> **Records supplied**:
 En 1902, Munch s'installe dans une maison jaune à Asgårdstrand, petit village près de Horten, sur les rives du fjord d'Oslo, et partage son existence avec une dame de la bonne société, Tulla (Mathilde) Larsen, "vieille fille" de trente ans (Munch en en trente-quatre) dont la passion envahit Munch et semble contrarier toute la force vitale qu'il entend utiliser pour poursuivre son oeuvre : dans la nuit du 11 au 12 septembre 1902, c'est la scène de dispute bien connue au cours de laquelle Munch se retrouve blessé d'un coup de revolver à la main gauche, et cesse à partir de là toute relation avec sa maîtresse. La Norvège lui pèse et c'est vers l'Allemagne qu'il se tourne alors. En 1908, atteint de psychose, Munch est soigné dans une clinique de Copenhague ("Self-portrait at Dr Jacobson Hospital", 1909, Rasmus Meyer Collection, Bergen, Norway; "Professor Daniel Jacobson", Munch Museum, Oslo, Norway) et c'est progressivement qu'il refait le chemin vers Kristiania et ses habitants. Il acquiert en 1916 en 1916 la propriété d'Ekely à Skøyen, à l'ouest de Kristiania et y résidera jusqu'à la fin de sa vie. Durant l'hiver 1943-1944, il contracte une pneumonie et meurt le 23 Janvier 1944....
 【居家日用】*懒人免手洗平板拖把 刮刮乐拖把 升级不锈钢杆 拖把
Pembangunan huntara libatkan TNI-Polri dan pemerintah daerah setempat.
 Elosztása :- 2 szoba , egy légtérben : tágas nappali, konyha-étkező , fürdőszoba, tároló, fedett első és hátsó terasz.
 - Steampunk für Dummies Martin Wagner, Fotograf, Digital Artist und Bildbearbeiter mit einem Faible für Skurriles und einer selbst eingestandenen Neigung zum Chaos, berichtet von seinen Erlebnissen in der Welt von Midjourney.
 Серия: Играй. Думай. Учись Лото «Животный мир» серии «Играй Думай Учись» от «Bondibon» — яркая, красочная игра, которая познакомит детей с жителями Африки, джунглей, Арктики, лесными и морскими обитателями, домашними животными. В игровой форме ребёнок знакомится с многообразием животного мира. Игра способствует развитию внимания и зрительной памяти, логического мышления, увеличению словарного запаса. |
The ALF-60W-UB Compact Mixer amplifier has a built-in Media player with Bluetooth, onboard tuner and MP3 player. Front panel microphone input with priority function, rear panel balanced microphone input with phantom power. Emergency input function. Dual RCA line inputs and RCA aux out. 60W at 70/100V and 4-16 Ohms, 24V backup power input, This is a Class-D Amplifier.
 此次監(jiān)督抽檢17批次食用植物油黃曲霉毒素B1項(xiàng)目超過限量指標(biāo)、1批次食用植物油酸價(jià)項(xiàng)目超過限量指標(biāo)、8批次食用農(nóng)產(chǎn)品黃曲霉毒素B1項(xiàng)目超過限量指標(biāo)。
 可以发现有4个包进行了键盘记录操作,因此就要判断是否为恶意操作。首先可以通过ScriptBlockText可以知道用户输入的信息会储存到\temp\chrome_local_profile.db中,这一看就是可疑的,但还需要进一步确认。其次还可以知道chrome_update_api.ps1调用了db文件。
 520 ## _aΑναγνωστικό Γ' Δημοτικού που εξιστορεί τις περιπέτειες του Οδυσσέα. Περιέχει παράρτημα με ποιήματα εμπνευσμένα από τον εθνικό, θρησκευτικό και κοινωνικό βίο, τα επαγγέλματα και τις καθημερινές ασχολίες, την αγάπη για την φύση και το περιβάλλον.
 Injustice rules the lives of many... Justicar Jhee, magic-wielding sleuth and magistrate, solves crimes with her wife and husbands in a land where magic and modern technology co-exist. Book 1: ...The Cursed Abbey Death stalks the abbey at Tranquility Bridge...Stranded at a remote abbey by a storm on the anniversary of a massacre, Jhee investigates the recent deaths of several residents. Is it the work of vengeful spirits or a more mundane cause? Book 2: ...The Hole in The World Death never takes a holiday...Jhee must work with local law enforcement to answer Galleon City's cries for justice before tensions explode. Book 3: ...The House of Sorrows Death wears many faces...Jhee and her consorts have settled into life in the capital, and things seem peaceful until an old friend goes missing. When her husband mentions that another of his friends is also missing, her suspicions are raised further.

> **Task**: The reply should hold only the lines from the beginning of the listing above through the line with "- Steampunk für", each one written exactly as it appears.

> **Answer below**:
 En 1902, Munch s'installe dans une maison jaune à Asgårdstrand, petit village près de Horten, sur les rives du fjord d'Oslo, et partage son existence avec une dame de la bonne société, Tulla (Mathilde) Larsen, "vieille fille" de trente ans (Munch en en trente-quatre) dont la passion envahit Munch et semble contrarier toute la force vitale qu'il entend utiliser pour poursuivre son oeuvre : dans la nuit du 11 au 12 septembre 1902, c'est la scène de dispute bien connue au cours de laquelle Munch se retrouve blessé d'un coup de revolver à la main gauche, et cesse à partir de là toute relation avec sa maîtresse. La Norvège lui pèse et c'est vers l'Allemagne qu'il se tourne alors. En 1908, atteint de psychose, Munch est soigné dans une clinique de Copenhague ("Self-portrait at Dr Jacobson Hospital", 1909, Rasmus Meyer Collection, Bergen, Norway; "Professor Daniel Jacobson", Munch Museum, Oslo, Norway) et c'est progressivement qu'il refait le chemin vers Kristiania et ses habitants. Il acquiert en 1916 en 1916 la propriété d'Ekely à Skøyen, à l'ouest de Kristiania et y résidera jusqu'à la fin de sa vie. Durant l'hiver 1943-1944, il contracte une pneumonie et meurt le 23 Janvier 1944....
 【居家日用】*懒人免手洗平板拖把 刮刮乐拖把 升级不锈钢杆 拖把
Pembangunan huntara libatkan TNI-Polri dan pemerintah daerah setempat.
 Elosztása :- 2 szoba , egy légtérben : tágas nappali, konyha-étkező , fürdőszoba, tároló, fedett első és hátsó terasz.
 - Steampunk für Dummies Martin Wagner, Fotograf, Digital Artist und Bildbearbeiter mit einem Faible für Skurriles und einer selbst eingestandenen Neigung zum Chaos, berichtet von seinen Erlebnissen in der Welt von Midjourney.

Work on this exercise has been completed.